Stored data
*** Block opens ***

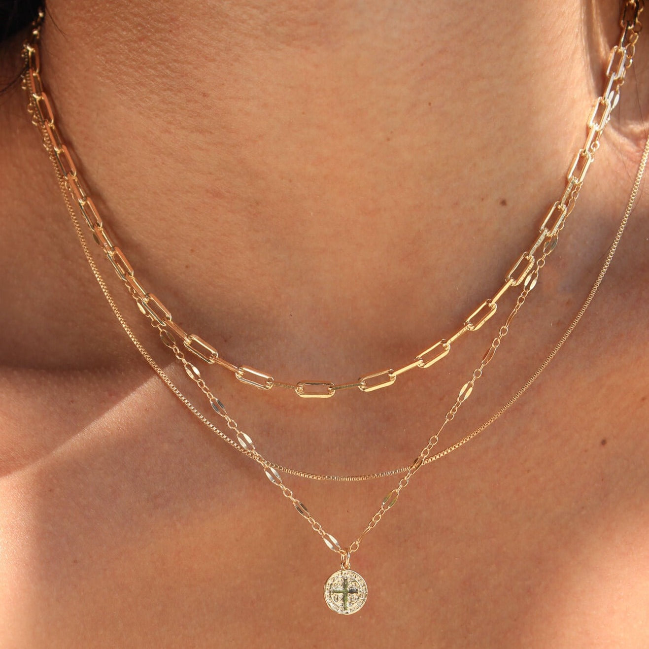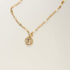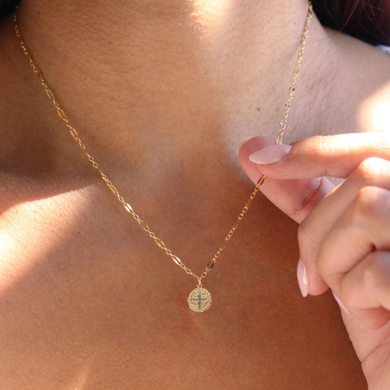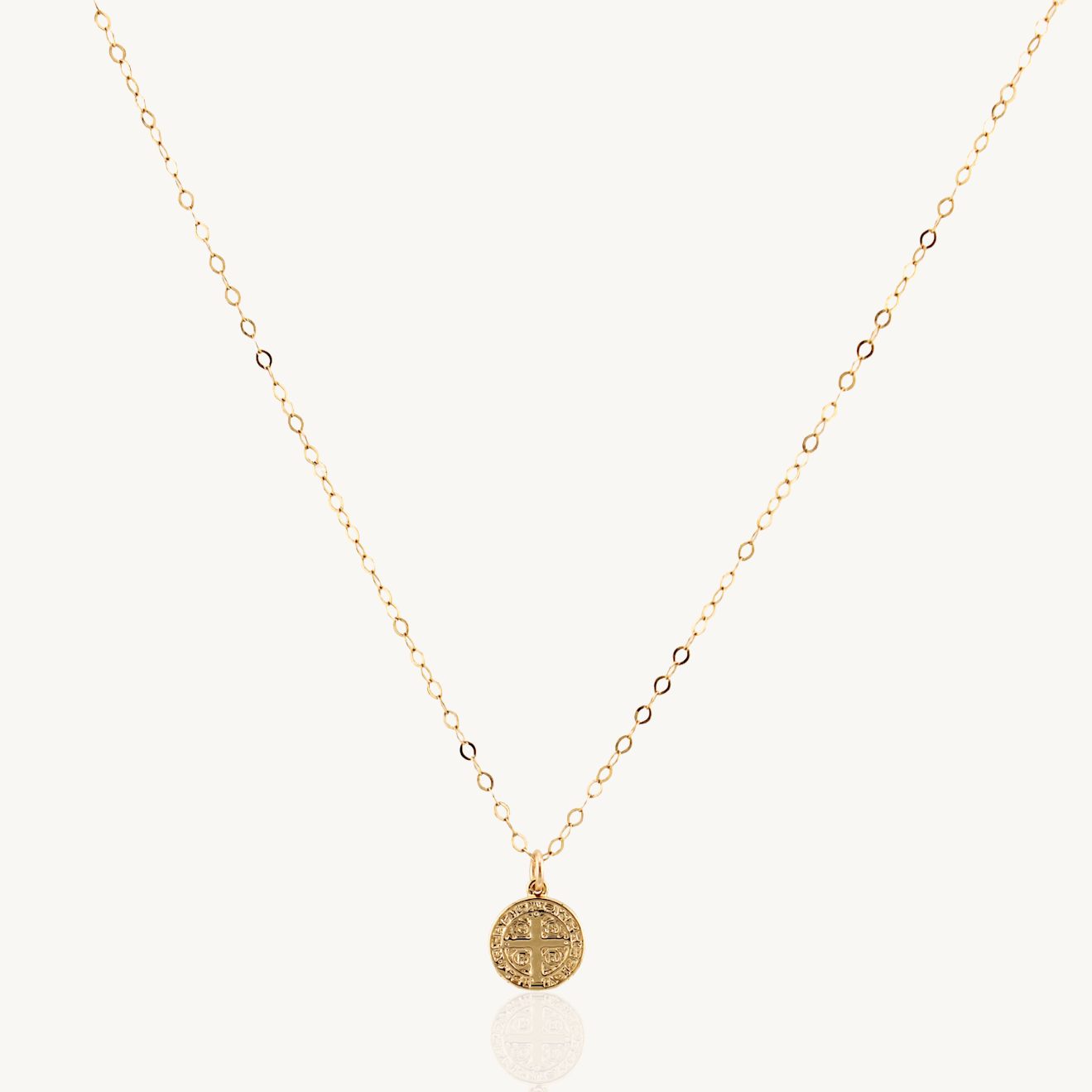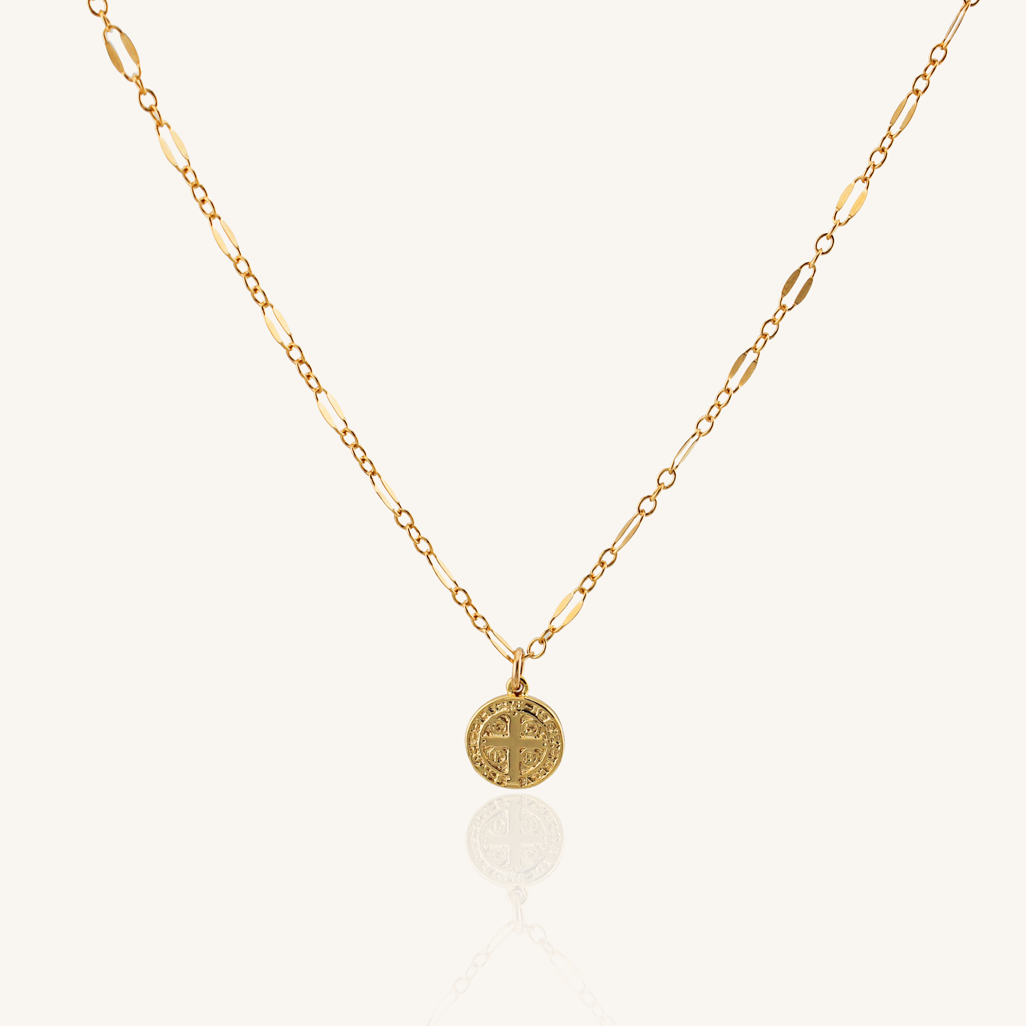 Elevate your jewelry collection with our St. Benedict Necklace. This gold filled chain necklace features a St. Benedict charm coin for a cute and dainty look. This dainty charm can be on a gold filled cable chain or a gold filled dapped figaro chain. These style chains make it perfect for layering with other necklaces!
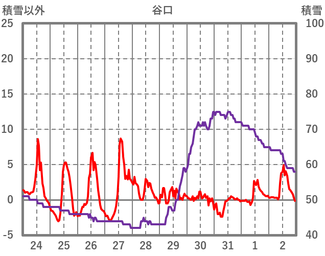 | 日 | 時 | 気温 | 降水 | 風向/風速 | 日照 | 積雪 | 降雪 |
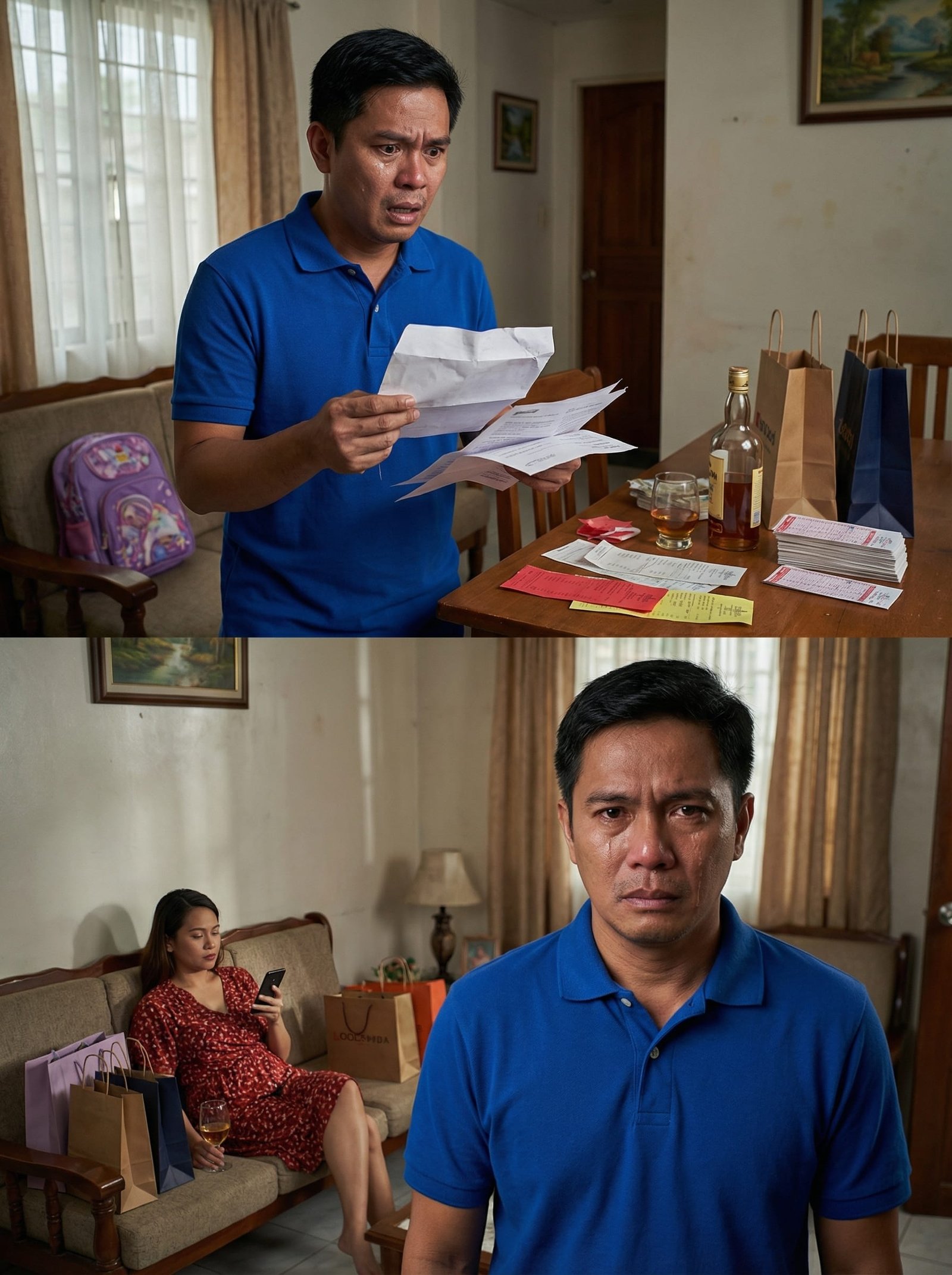 Lumabas mula sa sala ang asawa niyang si Mara—nakapulang damit, hawak ang cellphone, at may shopping bags sa tabi ng sofa. Hindi man lang nagulat sa pag-uwi niya, parang alam na niyang mahuhuli.
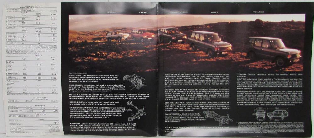 1989 Land Rover Range Rover Oversized Sales Brochure. Original.
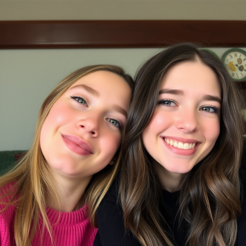 Very Realistic iPhone photo of a 25 year old lady who is getting married on her wedding day with her mom who is 60 years old. They are outside and both looking very happy smiling at the camera, the 60 year old mom is in a black dress and the 25 year old is in a white dress. --v 6.0 --ar 3:4
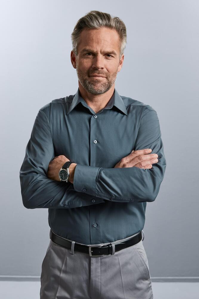 A Tailored Option To The Elegant & Versatile Russell Polycotton Poplin Range. Using The Same High-Performance Fabric & Premium Styling Details But In A Tailored, More Fitted Silhouette & Without A Chest Pocket For A Younger, More Contemporary Look.
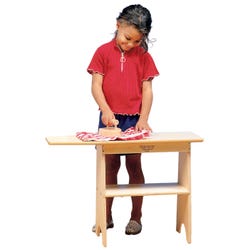 Childcraft® Wooden Ironing Board Set provides a realistic and engaging dramatic play experience for young learners. Featuring a sturdy all-birch plywood ironing board with a wood-grain top and a smooth, easy-grip wooden iron, this set allows children to pretend to press clothes, doll outfits, and fabric pieces just like real caregivers. The durable 11-ply dado construction ensures long-lasting quality, while the stain-resistant clear finish provides easy cleaning. Designed to foster social interaction, fine motor skills, and early learning, this play set is perfect for dramatic play areas in classrooms, childcare centers, and home playrooms. The iron measures 4 x 6 inches and the board measures 29-3/4 W x 9-3/4 D x 20-3/8 H inches. Assembly required; hardware and instructions included.Features

*** Block closes ***

Problem description
From the line containing "1989 Land Rover" to the last line of the records, inclusive, output the lines exactly as written and nothing else; leave out the pictures.

Output of the task
 1989 Land Rover Range Rover Oversized Sales Brochure. Original.
 Very Realistic iPhone photo of a 25 year old lady who is getting married on her wedding day with her mom who is 60 years old. They are outside and both looking very happy smiling at the camera, the 60 year old mom is in a black dress and the 25 year old is in a white dress. --v 6.0 --ar 3:4
 A Tailored Option To The Elegant & Versatile Russell Polycotton Poplin Range. Using The Same High-Performance Fabric & Premium Styling Details But In A Tailored, More Fitted Silhouette & Without A Chest Pocket For A Younger, More Contemporary Look.
 Childcraft® Wooden Ironing Board Set provides a realistic and engaging dramatic play experience for young learners. Featuring a sturdy all-birch plywood ironing board with a wood-grain top and a smooth, easy-grip wooden iron, this set allows children to pretend to press clothes, doll outfits, and fabric pieces just like real caregivers. The durable 11-ply dado construction ensures long-lasting quality, while the stain-resistant clear finish provides easy cleaning. Designed to foster social interaction, fine motor skills, and early learning, this play set is perfect for dramatic play areas in classrooms, childcare centers, and home playrooms. The iron measures 4 x 6 inches and the board measures 29-3/4 W x 9-3/4 D x 20-3/8 H inches. Assembly required; hardware and instructions included.Features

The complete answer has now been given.